Publication: Data-driven nucleus subclassification on colon hematoxylin and eosin using style-transferred digital pathology
This image shows a zoomed in section of a whole slide image of virtual H&E, where nuclei/cells have been classified into 14 classes.
Pretrained weights are currently not public. They are only available to members of the MASI lab.
This repo provides pretrained models (as well as code to train new models). The pretrained models were trained on virtual H&E to classify nuclei into 14 classes.

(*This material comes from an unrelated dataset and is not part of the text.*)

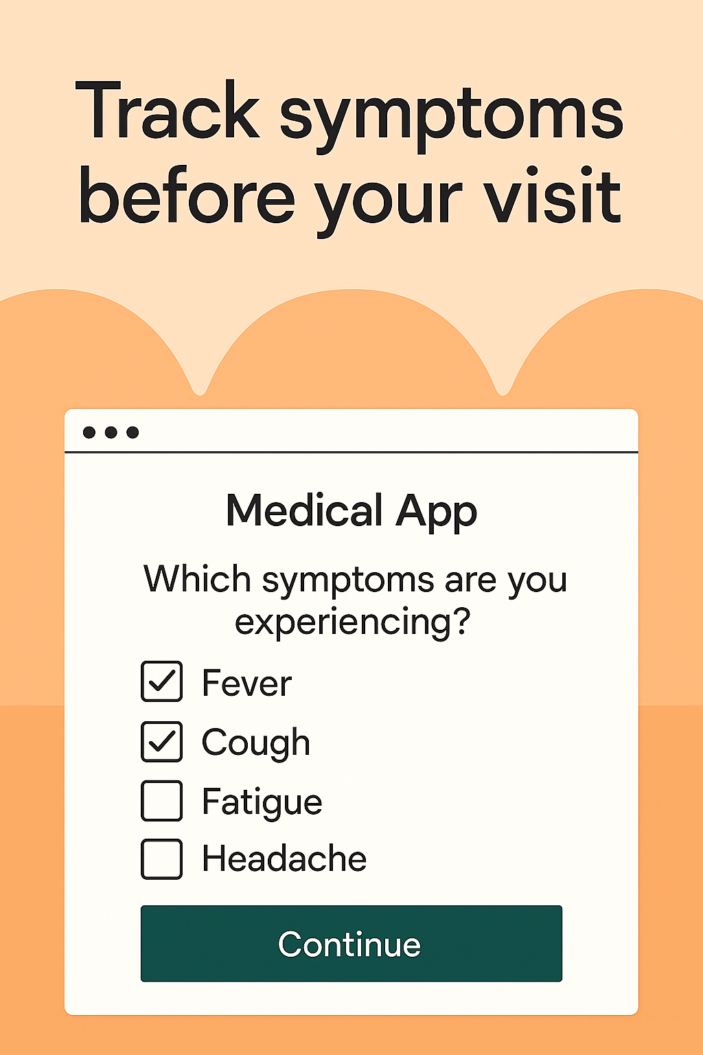 User interface mockup for a medical app, showcasing a symptom tracking feature. The design is clean and user-friendly, ideal for healthcare applications.

If you want to use this model on real H&E: It is recommended for the H&E staining to be style transferred to the virtual H&E style. You can do that following instructions here: https://github.com/MASILab/he_stain_translation_cyclegan
Then the nuclei must be located. You can do that following instructions here: https://github.com/MASILab/hovernets_on_vhe
If you use this repo, please cite
- "Data-driven Nucleus Subclassification on Colon H&E using Style-transferred Digital Pathology"
The weights for 5 folds of trained resnets for nucleus classification on virtual H&E can be found here:
MASI Lab: /nfs/masi/remedilw/paper_journal_nucleus_subclassification/nucleus_subclassification/weights
Public: Not currently available
An example jupyter notebook showing how a pretrained model can be run on a whole slide image (virtual H&E) can be found in this repo
inference_on_wsi.ipynb
If you are in MASI lab, the paths are setup so that this inference notebook will run with the example data.
If you are not in MASI lab, change paths accordingly.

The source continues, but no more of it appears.